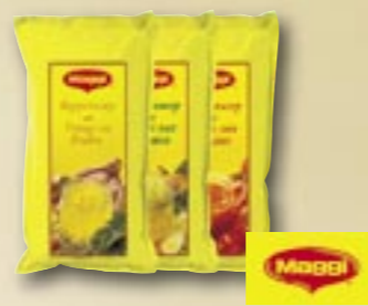
Potages Maggi 1 kg Par carton de 6 pièces
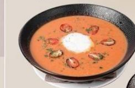
VINE RIPENED TOMATO SOUP Tomato soup infused with lemon grass served with garlic crostini & chives. IDR. 55 K
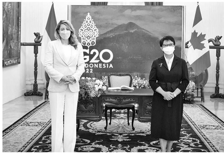
蕾特诺外长会见加拿大外交部长梅兰妮·乔利(左)

部长梅兰妮·乔利的访问时发表这一声明。 蕾特诺外长称道，明智的决定是必要的，尤其是在俄罗斯入侵乌克兰仍在发生的充满挑战的时期。在这个充满挑战的时期，我国将继续与所有G20成员国进行沟通和磋商。我们非常感谢加拿大对我国担任G20轮值主席国的支持。 与此同时，加拿大外长乔利承认支持我国担任G20轮值主席国。乔
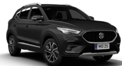
Pebble Black (en option)
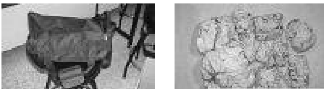
Imagen del sumario y el explosivo que contenía. Las primeras imágenes solo las obtuvo ABC (USA). Hasta entonces se hablaba de "mochila" luego se vio que era "bolsa" y estaba nueva, con pliegues de estrenada.

En la noche del 11 al 12, la Policía de Puente de Vallecas, mientras revisaba los objetos personales recogidos en El Pozo, encuentra un artefacto explosivo en una bolsa, compuesto por un móvil conectado por unos cables a un detonador y a una masa explosiva.
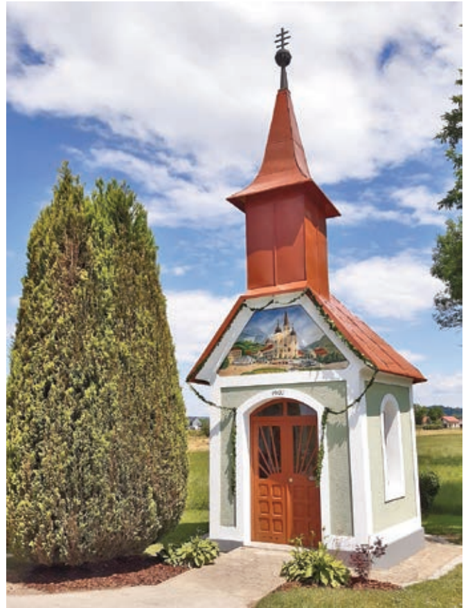
Jokova kapela v Stašah ...

Zelo slovesno je bilo ob 100. obletnici postavitve kapele. Uvod v praznovanje je bilo rodbinsko romanje v Mariazell. Drugo septembrsko soboto pa so se sorodniki še
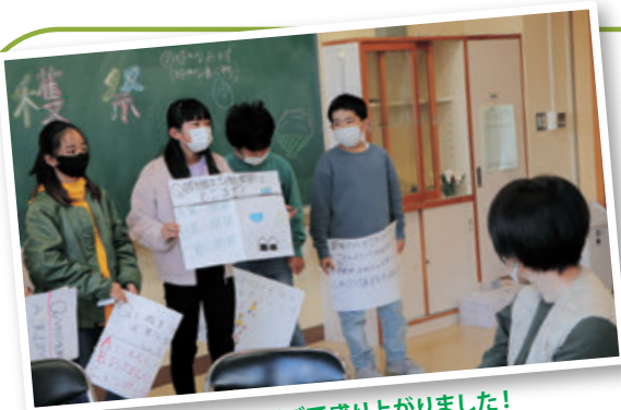
自作のクイズで盛り上がりました！
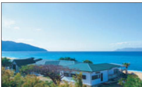
海亀がくる宿 マリンブルー屋久島
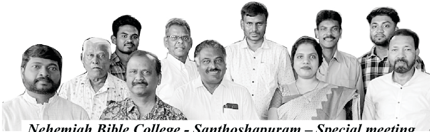
Nehemiah Bible College - Santhoshapuram – Special meeting

Dip.Th., ਅਤੇ B.Th ਦੀ ਪੇਸ਼ਕਸ਼ ਕਰਨ ਦਾ ਵੀ ਪ੍ਰਾਰਥਨਾਪੂਰਵਕ ਫੈਸਲਾ ਕੀਤਾ ਗਿਆ ਅਤੇ ਅਸੀਂ ਉਸ ਕੰਮ ਵਿੱਚ ਸਰਗਰਮੀ ਨਾਲ ਸ਼ਾਮਲ ਹਾਂ। ਪ੍ਰਮੇਸ਼ਵਰ ਦੇ ਲੋਕ ਸ਼ਾਇਦ ਆਪਣੇ ਦਿਲਾਂ ਵਿੱਚ ਇਹ ਸਵਾਲ ਉਠਾਉਣ: “ਜਦੋਂ ਸੇਵਕਾਈ ਵਿੱਚ ਪਹਿਲਾਂ ਹੀ ਬਹੁਤ ਸੰਘਰਸ਼ ਅਤੇ ਸਮੱਸਿਆਵਾਂ ਹਨ, ਤਾਂ ਨਵੀਂ ਸੇਵਕਾਈ ਕਿਉਂ ਸ਼ੁਰੂ ਕੀਤੀ ਜਾਵੇ?” ਇਹ ਸੱਚ ਹੈ ਕਿ ਪ੍ਰਮੇਸ਼ਵਰ ਸਾਡੇ ਦਿਲਾਂ ਵਿੱਚ ਨਵੀਂ ਯੋਜਨਾ ਬਣਾਉਣ ਲਈ ਜ਼ੋਰ ਪਾ ਰਿਹਾ ਹੈ। ਇਸ ਲਈ ਅਸੀਂ ਚੁੱਪ ਨਹੀਂ ਰਹਿ ਸਕਦੇ। ਸਭ ਕੁਝ ਪ੍ਰਭੂ ਦੀ ਰਜ਼ਾ ਅਨੁਸਾਰ ਹੀ ਹੋਵੇਗਾ।

Task directions |
Pictures stay out; everything else in the entries is copied exactly.

Final answer |
Potages Maggi 1 kg Par carton de 6 pièces
VINE RIPENED TOMATO SOUP Tomato soup infused with lemon grass served with garlic crostini & chives. IDR. 55 K
蕾特诺外长会见加拿大外交部长梅兰妮·乔利(左)

部长梅兰妮·乔利的访问时发表这一声明。 蕾特诺外长称道，明智的决定是必要的，尤其是在俄罗斯入侵乌克兰仍在发生的充满挑战的时期。在这个充满挑战的时期，我国将继续与所有G20成员国进行沟通和磋商。我们非常感谢加拿大对我国担任G20轮值主席国的支持。 与此同时，加拿大外长乔利承认支持我国担任G20轮值主席国。乔
Pebble Black (en option)
Imagen del sumario y el explosivo que contenía. Las primeras imágenes solo las obtuvo ABC (USA). Hasta entonces se hablaba de "mochila" luego se vio que era "bolsa" y estaba nueva, con pliegues de estrenada.

En la noche del 11 al 12, la Policía de Puente de Vallecas, mientras revisaba los objetos personales recogidos en El Pozo, encuentra un artefacto explosivo en una bolsa, compuesto por un móvil conectado por unos cables a un detonador y a una masa explosiva.
Jokova kapela v Stašah ...

Zelo slovesno je bilo ob 100. obletnici postavitve kapele. Uvod v praznovanje je bilo rodbinsko romanje v Mariazell. Drugo septembrsko soboto pa so se sorodniki še
自作のクイズで盛り上がりました！
海亀がくる宿 マリンブルー屋久島
Nehemiah Bible College - Santhoshapuram – Special meeting

Dip.Th., ਅਤੇ B.Th ਦੀ ਪੇਸ਼ਕਸ਼ ਕਰਨ ਦਾ ਵੀ ਪ੍ਰਾਰਥਨਾਪੂਰਵਕ ਫੈਸਲਾ ਕੀਤਾ ਗਿਆ ਅਤੇ ਅਸੀਂ ਉਸ ਕੰਮ ਵਿੱਚ ਸਰਗਰਮੀ ਨਾਲ ਸ਼ਾਮਲ ਹਾਂ। ਪ੍ਰਮੇਸ਼ਵਰ ਦੇ ਲੋਕ ਸ਼ਾਇਦ ਆਪਣੇ ਦਿਲਾਂ ਵਿੱਚ ਇਹ ਸਵਾਲ ਉਠਾਉਣ: “ਜਦੋਂ ਸੇਵਕਾਈ ਵਿੱਚ ਪਹਿਲਾਂ ਹੀ ਬਹੁਤ ਸੰਘਰਸ਼ ਅਤੇ ਸਮੱਸਿਆਵਾਂ ਹਨ, ਤਾਂ ਨਵੀਂ ਸੇਵਕਾਈ ਕਿਉਂ ਸ਼ੁਰੂ ਕੀਤੀ ਜਾਵੇ?” ਇਹ ਸੱਚ ਹੈ ਕਿ ਪ੍ਰਮੇਸ਼ਵਰ ਸਾਡੇ ਦਿਲਾਂ ਵਿੱਚ ਨਵੀਂ ਯੋਜਨਾ ਬਣਾਉਣ ਲਈ ਜ਼ੋਰ ਪਾ ਰਿਹਾ ਹੈ। ਇਸ ਲਈ ਅਸੀਂ ਚੁੱਪ ਨਹੀਂ ਰਹਿ ਸਕਦੇ। ਸਭ ਕੁਝ ਪ੍ਰਭੂ ਦੀ ਰਜ਼ਾ ਅਨੁਸਾਰ ਹੀ ਹੋਵੇਗਾ।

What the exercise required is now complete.